Records from a collection —
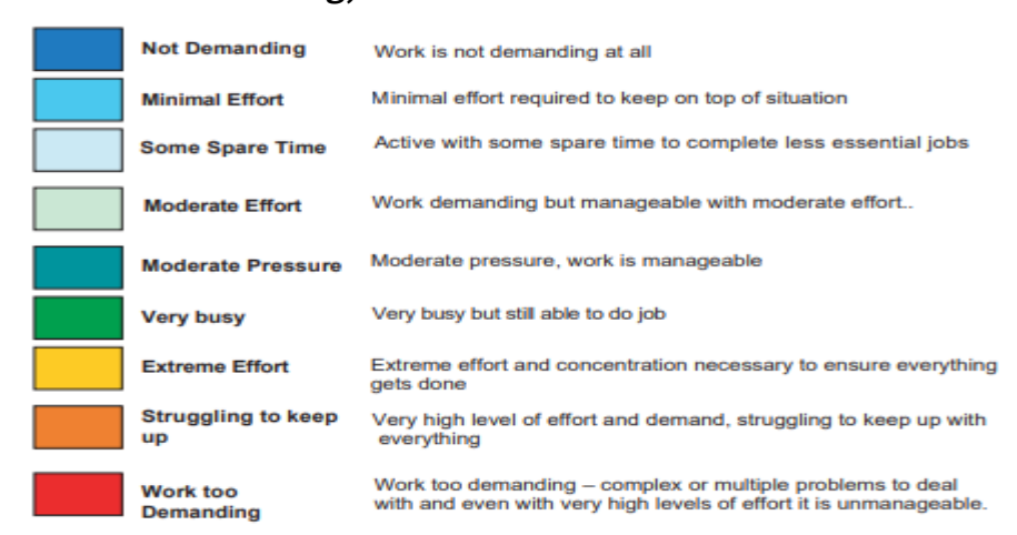
Figure 2. IWS for Rail Signalers (color codes run from blue for not demanding to red for work is too demanding)

Respondents rate the individual items of the IWS according to the amount of workload each item conveyed, on a scale ranging from 'work is not demanding at all' to 'work is too demanding' (Kramer, Johnson, and Zeilstra, 2017).
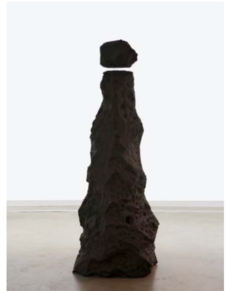
Bird's-eye View , 2010 Polystyrene, acrylic resin 230 x 82 x 82 cm Courtesy Galerie GP & N Vallois © Vincent Blesbois
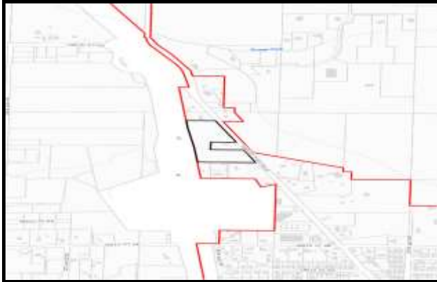
Figure 1. Location Map.
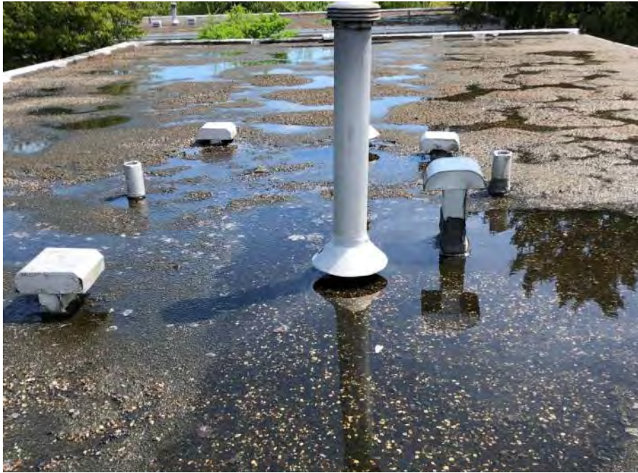
Figure 7. Detail photo of rooftop equipment and penetrations.
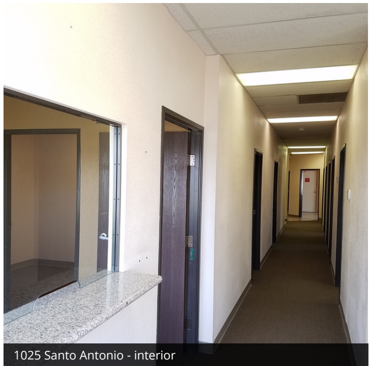
1025 Santo Antonio - interior

What the exercise asks — Say again, word for word, every line from the one with "Respondents rate the" through the last line of the data above, minus the pictures.

Exercise answer —
Respondents rate the individual items of the IWS according to the amount of workload each item conveyed, on a scale ranging from 'work is not demanding at all' to 'work is too demanding' (Kramer, Johnson, and Zeilstra, 2017).
Bird's-eye View , 2010 Polystyrene, acrylic resin 230 x 82 x 82 cm Courtesy Galerie GP & N Vallois © Vincent Blesbois
Figure 1. Location Map.
Figure 7. Detail photo of rooftop equipment and penetrations.
1025 Santo Antonio - interior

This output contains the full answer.